Alternative dosing by body surface area: 1, 2

• 0.26-0.53 m²: ½ tablet every 12 hours (on prophylaxis days)
• 1.06 m²: 1 tablet every 12 hours (on prophylaxis days)

Maximum daily dose: Do not exceed 1,600 mg sulfamethoxazole and 320 mg trimethoprim 1, 2

UTI Prophylaxis

For long-term prophylaxis of recurrent UTI, use 2 mg/kg/day of trimethoprim with 10 mg/kg/day of sulfamethoxazole as a single daily dose. 6 Research supports intermittent dosing (every other day at bedtime) as equally effective, particularly in children with vesicoureteral reflux. 7

Age Restrictions and Special Populations

Septran is contraindicated in infants less than 2 months of age. 1, 2

Renal Impairment Adjustments

Dose adjustments are mandatory in renal dysfunction: 3, 1, 2

• CrCl >30 mL/min: Standard dosing
• CrCl 15-30 mL/min: 50% of usual dose
• CrCl <15 mL/min: Not recommended

For severe renal failure on treatment doses, increase the dosing interval (in hours) to 12 times the serum creatinine level in mg/dL, with a maximum interval of 48 hours. 8

Formulation Selection

Use liquid formulation for children weighing less than 40 kg and younger children to ensure accurate dosing. 4 The liquid suspension allows precise weight-based dosing, which is superior to tablet splitting in this population.

Monitoring Requirements

Obtain a complete blood count with differential and platelet count at initiation of therapy. 4, 5 For children on prophylactic therapy, repeat CBC monthly to detect hematologic toxicity, particularly neutropenia and thrombocytopenia. 4, 5

Monitor serum trimethoprim levels in patients with severe renal failure, targeting peak levels of 5-10 mcg/mL. 8

Common Pitfalls and Caveats

Do not use test doses when initiating Septran in children—this practice is not evidence-based and delays appropriate therapy. 4

Concomitant use with methotrexate is not contraindicated, contrary to widespread belief. 4 NSAIDs and salicylates can be given concurrently in children with normal renal function. 4

Thrombocytopenia is associated with higher serum trimethoprim levels and longer treatment duration. 8 This is the most clinically significant adverse effect requiring monitoring.

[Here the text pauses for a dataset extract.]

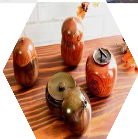
京都漆器、茶筒 (手工漆器)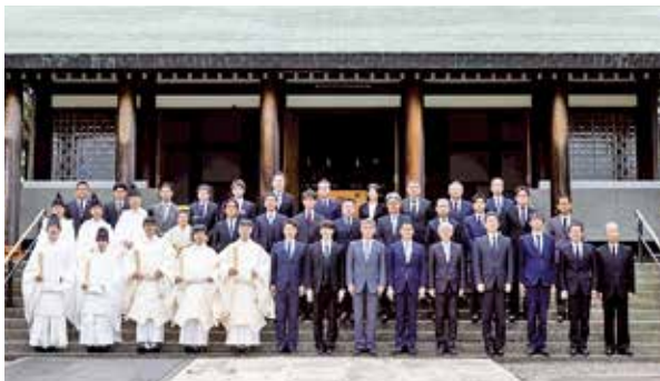
祭典奉修後の記念撮影

Transient neutropenia may occur but often resolves spontaneously without drug discontinuation. 7 However, if neutrophil count drops below 1,000/μL, consider temporary cessation.

Lower-than-recommended prophylactic doses (as low as two-thirds of CDC recommendations) have proven effective in preventing PCP in HIV-infected children, though this is not yet standard practice. 9 The currently recommended 150 mg/m²/day dose may exceed what is minimally necessary for prophylaxis.